Items from a data source:
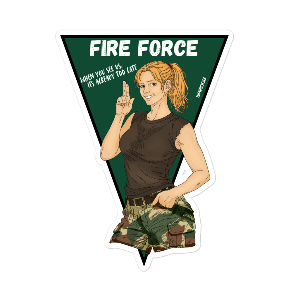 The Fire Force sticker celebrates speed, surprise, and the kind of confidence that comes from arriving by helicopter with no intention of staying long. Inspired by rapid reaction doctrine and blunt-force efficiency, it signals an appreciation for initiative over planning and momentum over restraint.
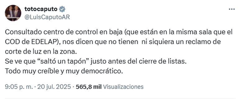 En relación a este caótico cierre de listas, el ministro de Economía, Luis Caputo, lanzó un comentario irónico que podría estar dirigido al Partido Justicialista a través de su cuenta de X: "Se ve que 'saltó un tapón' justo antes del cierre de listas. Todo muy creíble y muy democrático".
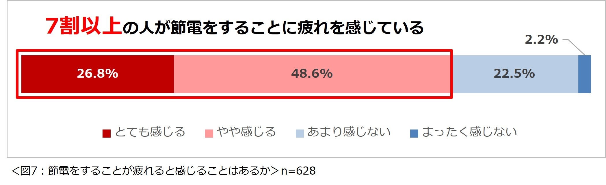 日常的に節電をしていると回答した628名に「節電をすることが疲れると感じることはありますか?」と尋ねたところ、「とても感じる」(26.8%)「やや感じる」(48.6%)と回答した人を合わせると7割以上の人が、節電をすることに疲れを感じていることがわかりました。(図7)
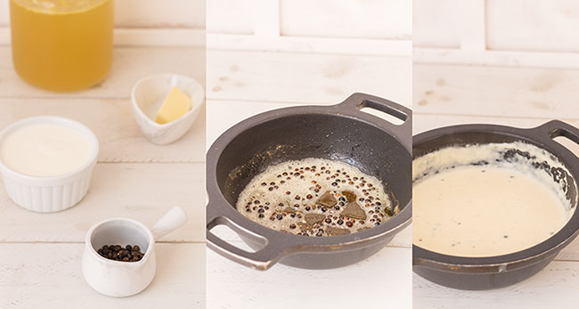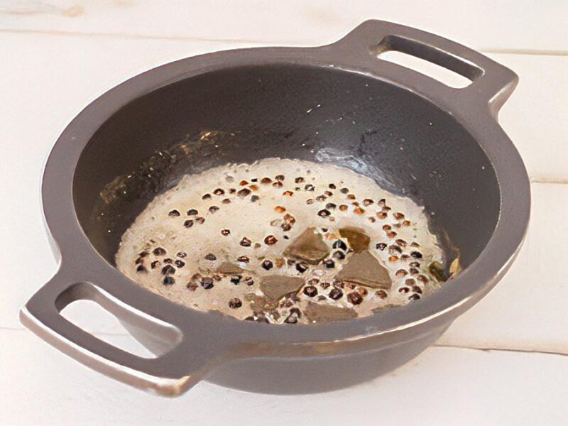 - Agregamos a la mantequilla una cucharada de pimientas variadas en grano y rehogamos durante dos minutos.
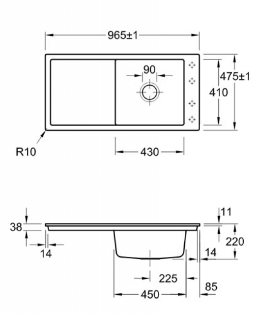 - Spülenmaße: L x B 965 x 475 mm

*PROBLEM:*
All entries above are to be set down word for word, and the pictures are to be left out.

*ANSWER FOR THIS EXERCISE:*
 The Fire Force sticker celebrates speed, surprise, and the kind of confidence that comes from arriving by helicopter with no intention of staying long. Inspired by rapid reaction doctrine and blunt-force efficiency, it signals an appreciation for initiative over planning and momentum over restraint.
 En relación a este caótico cierre de listas, el ministro de Economía, Luis Caputo, lanzó un comentario irónico que podría estar dirigido al Partido Justicialista a través de su cuenta de X: "Se ve que 'saltó un tapón' justo antes del cierre de listas. Todo muy creíble y muy democrático".
 日常的に節電をしていると回答した628名に「節電をすることが疲れると感じることはありますか?」と尋ねたところ、「とても感じる」(26.8%)「やや感じる」(48.6%)と回答した人を合わせると7割以上の人が、節電をすることに疲れを感じていることがわかりました。(図7)
 - Agregamos a la mantequilla una cucharada de pimientas variadas en grano y rehogamos durante dos minutos.
 - Spülenmaße: L x B 965 x 475 mm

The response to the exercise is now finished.